Created attachment 1423249 [details] Node/docker logs
This also seems to happen during upgrades from 3.9 on any host other than the first master. I'm looking at it, but would love assistance from Networking or Clayton.
Possibly related to https://github.com/openshift/openshift-ansible/issues/7967
Let me know what I can gather. I have a good reproducer now.

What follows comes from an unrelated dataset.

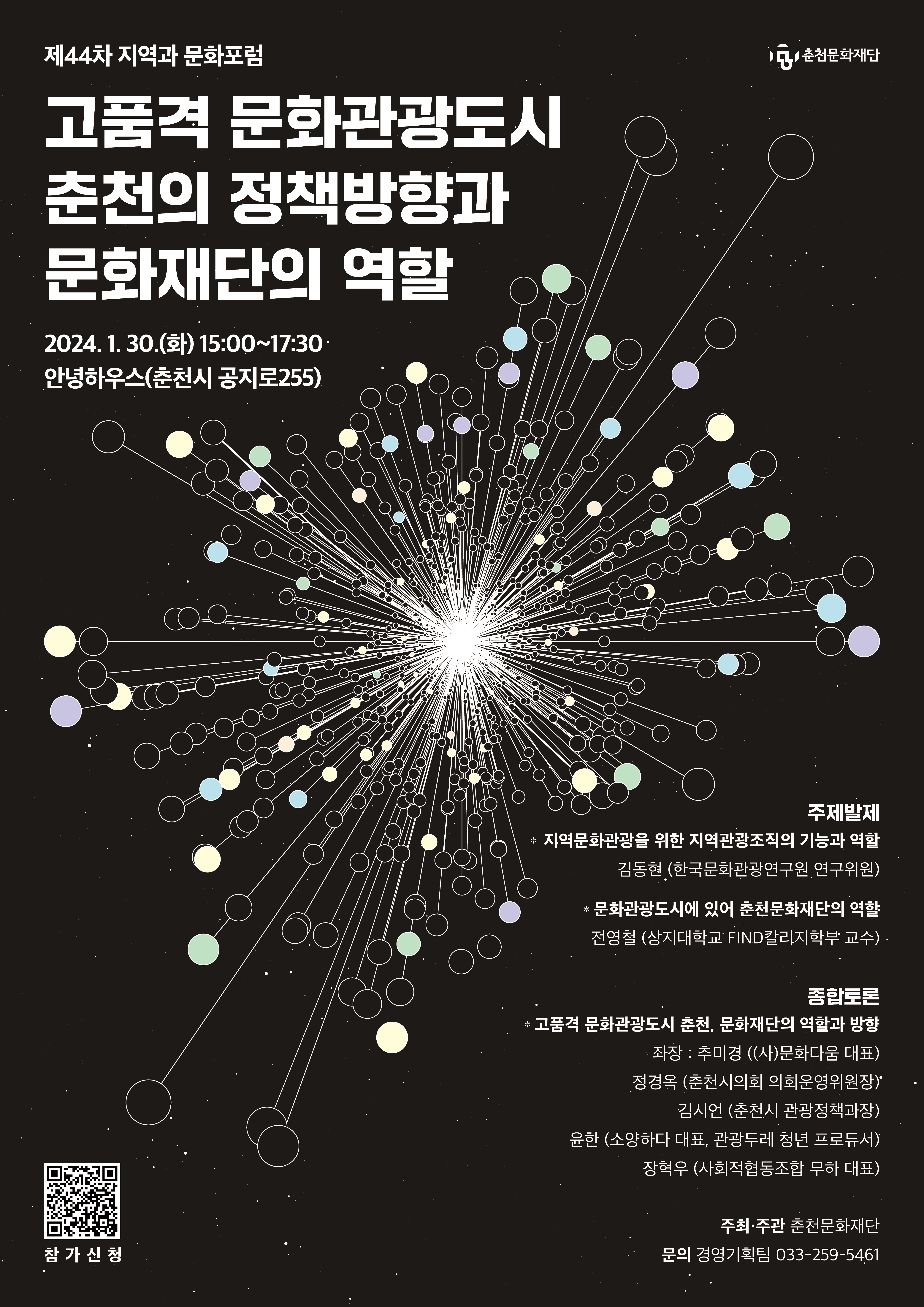 시책과 아울러 춘천문화재단의 역할과 방향에 대해 자유로이 논의하는 본 포럼에 많은 관심과 참여 부탁드립니다.
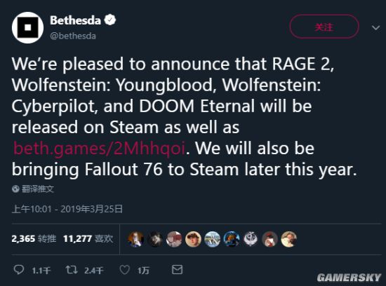 永恒》均将登陆Steam平台和B社自家平台Bethesda.net,《辐射76》也将登陆Steam平台,表示旗下四款游戏新作《狂怒2》、《德军总部。

I wasn't able to reproduce this on a small 8-node KVM environment on a single bare-metal host, but I'm seeing this on an OpenStack environment now too. This seems to affect only a certain percentage of nodes. [openshift@master-0 ~]$ oc get nodes NAME STATUS ROLES AGE VERSION app-node-0.scale-ci.example.com Ready compute 13m v1.10.0+b81c8f8 app-node-1.scale-ci.example.com Ready compute 13m v1.10.0+b81c8f8 cns-0.scale-ci.example.com Ready compute 13m v1.10.0+b81c8f8 cns-1.scale-ci.example.com Ready compute 13m v1.10.0+b81c8f8 cns-2.scale-ci.example.com Ready compute 13m v1.10.0+b81c8f8 infra-node-0.scale-ci.example.com NotReady compute,infra 13m v1.10.0+b81c8f8 infra-node-1.scale-ci.example.com NotReady compute,infra 13m v1.10.0+b81c8f8 infra-node-2.scale-ci.example.com NotReady compute,infra 13m v1.10.0+b81c8f8 master-0.scale-ci.example.com Ready master 15m v1.10.0+b81c8f8 master-1.scale-ci.example.com Ready master 15m v1.10.0+b81c8f8 master-2.scale-ci.example.com Ready master 15m v1.10.0+b81c8f8 root@infra-node-0: /home/openshift # find /etc/cni/ /etc/cni/ /etc/cni/net.d /etc/cni/net.d is empty on all infra nodes which are NotReady. Test blocker for scale testing.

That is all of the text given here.